2.   ACQUISITION OF PROPERTIES:
     --------------------------

     In May 2004, the Company acquired certain oil and gas properties from Venus
     Exploration Inc. ("Venus") for cash consideration of $3,230,000. The
     financial statements therefore reflect the revenue and other operating
     expenses associated with these properties since the date of acquisition.
     The purchase also provides for the Company to pay a net profits interest
     payable to the Venus Exploration Trust ("Trust"). During the three and six
     months ended February 28, 2005, the Company accrued $232,588 and $354,954,
     respectively, which is payable to the Trust based on the net profits
     interest agreement; however, the company does not anticipate that it will
     be required to pay this amount as the Company intends to drill additional
     wells in the future on the property subject to payout. Costs incurred in
     connection with additional drilling would reduce this liability; however,
     in the unlikely event the Company does not incur additional drilling costs,
     such amount would then be payable to the Trust. The net profits interest,
     which applies only to the exploration and exploitation projects on the
     Venus acreage acquired, varies from 25% to 50% with respect to different
     Venus exploration and exploitation project areas, and decreases by one-half
     of its original amount after a total of $3,300,000 in net profits proceeds
     has been paid to the Trust.

                                       9


3.   CONTINGENCY
     -----------

     We are currently in dispute with the operator of the Sun Fee #1, Sampson
     Lone Star L.P. ("Sampson"), concerning the pooling of certain lands into
     the production unit at Nome Field. The pooling of these lands in which the
     Company does not own an interest, comprises approximately 32% of the unit
     area, and may result in a reduction of working interest and net revenue
     interest, relative to production from the Sun Fee #1, attributable to the
     Company.

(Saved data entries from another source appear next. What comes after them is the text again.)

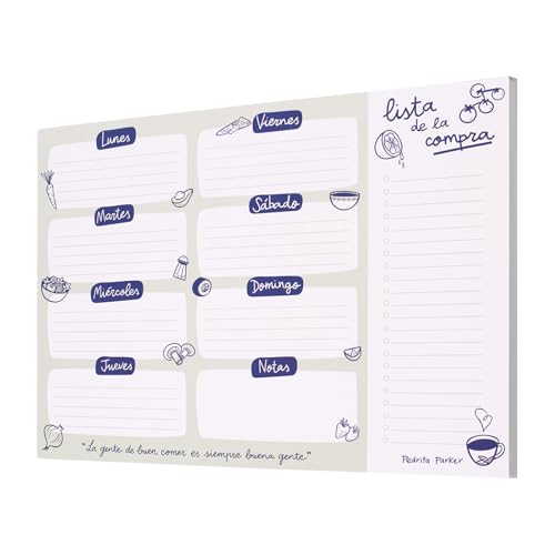 Miquelrius - Daglig måltidsplanerare för att förbättra dina vanor, Odaterad daglig planerare, inklusive inköpslista, 80 ark på 80 g/m², dubbel gyllene spiral, elfenbenspapper, fodrat kartonglock
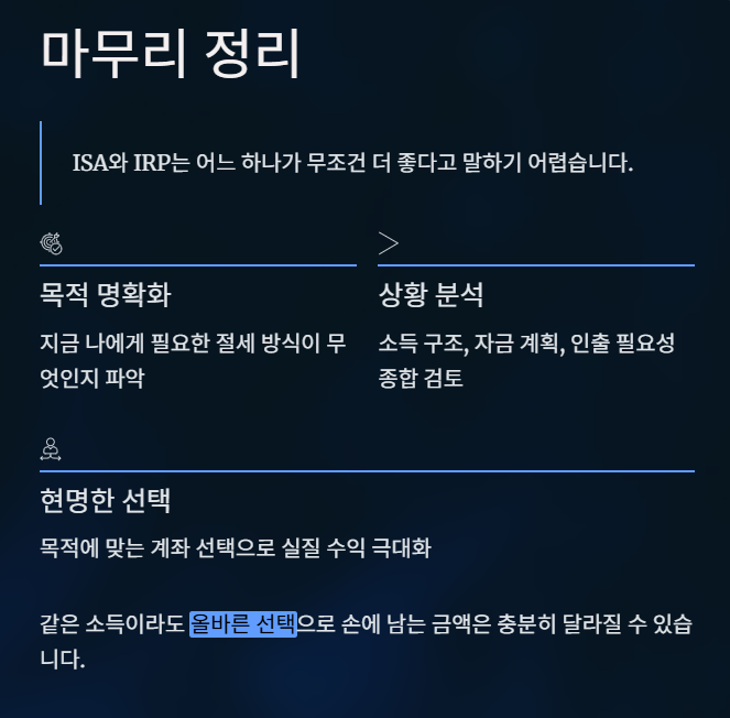 ISA와 IRP는 어느 하나가 무조건 더 좋다고 말하기 어렵습니다.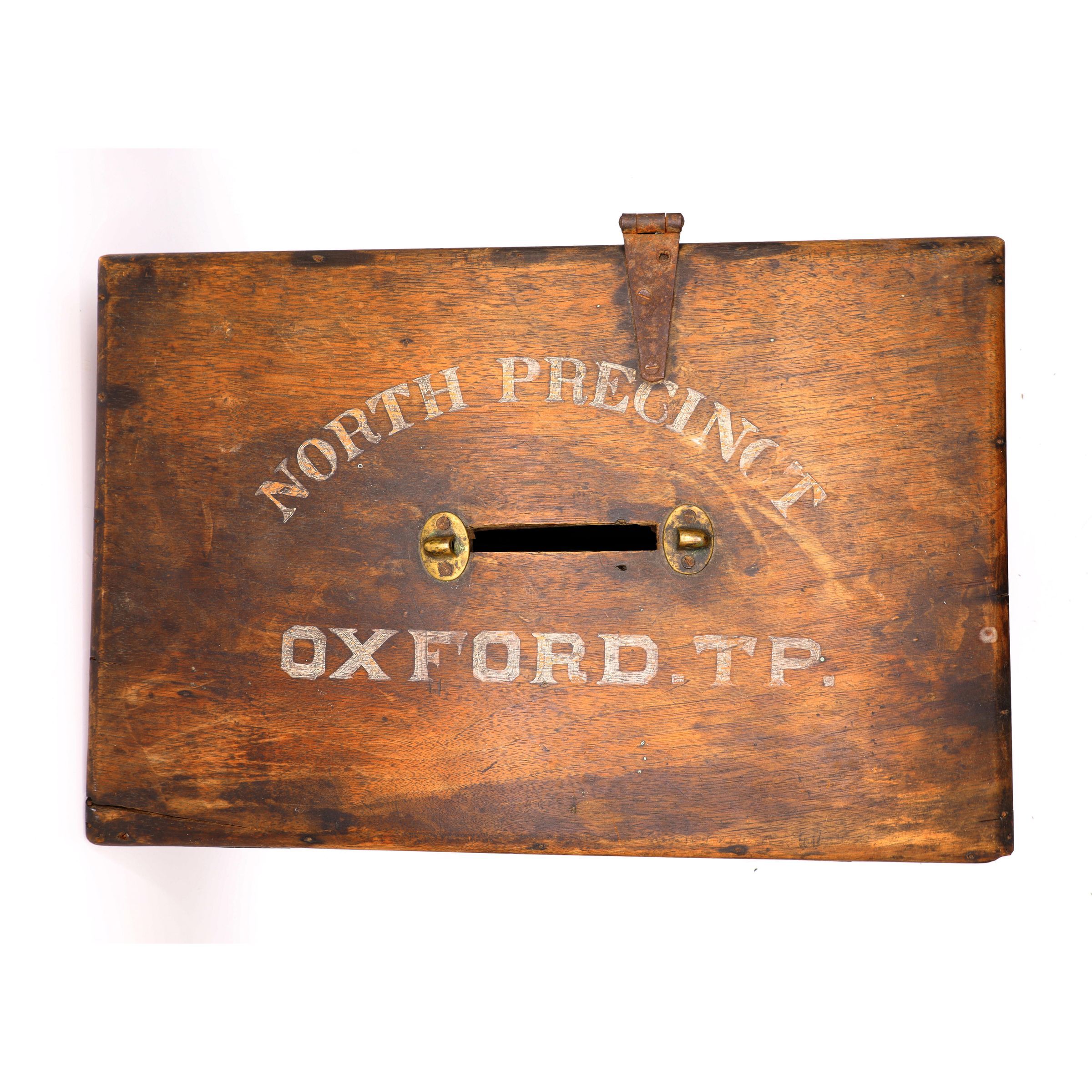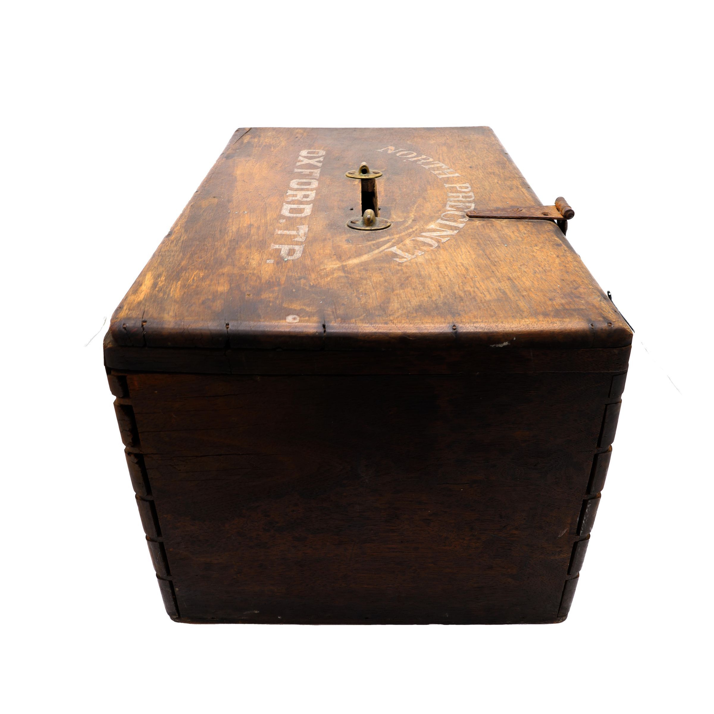This wooden ballot box for Oxford Township, Ohio, has dovetailed corners, a hinged lid, and a locking mechanism. "North Precinct Oxford TP." is lettered on the box lid.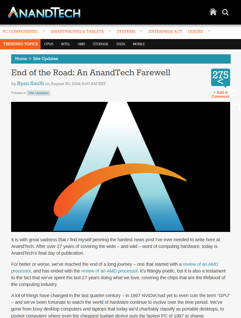 PC硬件领域重磅站点AnandTech即将关停 27年历程不忘初心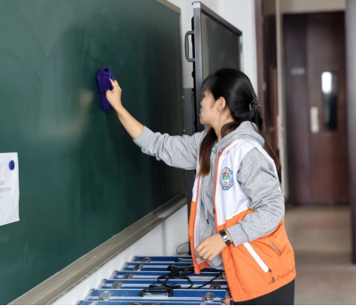 清洁环节,志愿者们分工明确,将实验室内各类物品摆放归位,清扫实验室地面,擦拭实验室内黑板以及各仪器设备,实验室清洁高效而有序。

If the current pooling were to stand, our working interest in the
     well would be reduced from 8.33% to 5.19%. The Company strongly believes
     that the lands in question are `Non-Productive', and therefore not eligible
     for pooling, based on all available geological, seismic, and existing well
     data. As a result of this dispute, we will vigorously pursue and defend our
     rights to our proportionate share of production and revenue from the Sun
     Fee #1 with all legal avenues and remedies available. For this reason, the
     Company has not signed any of the proposed production and revenue division
     orders, and has not received any revenue, attributable to the well, to
     date. If we undertake legal action against the operator relative to this
     issue, which we currently intend, it may result in all revenues
     attributable to the Sun Fee #1 well being held in suspense until the legal
     action is completed. If the outcome of the dispute results in the operator
     recognizing our working interest of 8.33%, the increased working interest
     could potentially result in increased revenue to the Company and increased
     net profits liability to Venus Exploration Trust, subject to the net
     profits interest agreement. The oil and gas receivable pertaining to the
     Sun Fee #1 well is approximately $1,011,000 at February 28, 2005.

     For the quarter ended February 28, 2005, we accrued approximately $512,000
     in royalty and working interest revenues from the Sun Fee #1. As a result
     of the dispute with Sampson, revenues were accrued at the lower working
     interest percentage (5.19%) as stated by the operator.


ITEM 2. MANAGEMENT'S DISCUSSION AND ANALYSIS OF FINANCIAL CONDITION OR PLAN OF
        OPERATION

     The following discussion should be read in conjunction with the Financial
Statements and Notes thereto referred to in "Item 1. Financial Statements" of
this Form 10-QSB.

Overview

     PYR Energy Corporation (referred to as "PYR," the "Company," "we," "us" and
"our") is an independent oil and gas exploration and production company, engaged
in the exploration, development and acquisition of crude oil and natural gas
reserves. Our exploration activities are focused in select areas of the Rocky
Mountains, Texas and Gulf Coast, Southeast Alberta, and in the San Joaquin Basin
of California. We continue to focus our exploration efforts and advanced
technical expertise on the pre-drill phases of our high potential exploration
projects in the Rocky Mountain region.

Liquidity and Capital Resources

     Our primary sources of liquidity historically have been from placements of
common stock and convertible notes, and to a much lesser extent, cash provided
by operating activities. Our primary use of capital has been for the
acquisition, development, and exploration of oil and natural gas properties. As
we pursue growth, we continually monitor the capital resources available to us
to meet our future financial obligations, planned capital expenditure activities
and liquidity. Our future success in growing proved reserves and production is
highly dependent on capital resources available to us, and our success in
finding or acquiring additional reserves. At February 28, 2005, we had
approximately $4,935,795 in working capital.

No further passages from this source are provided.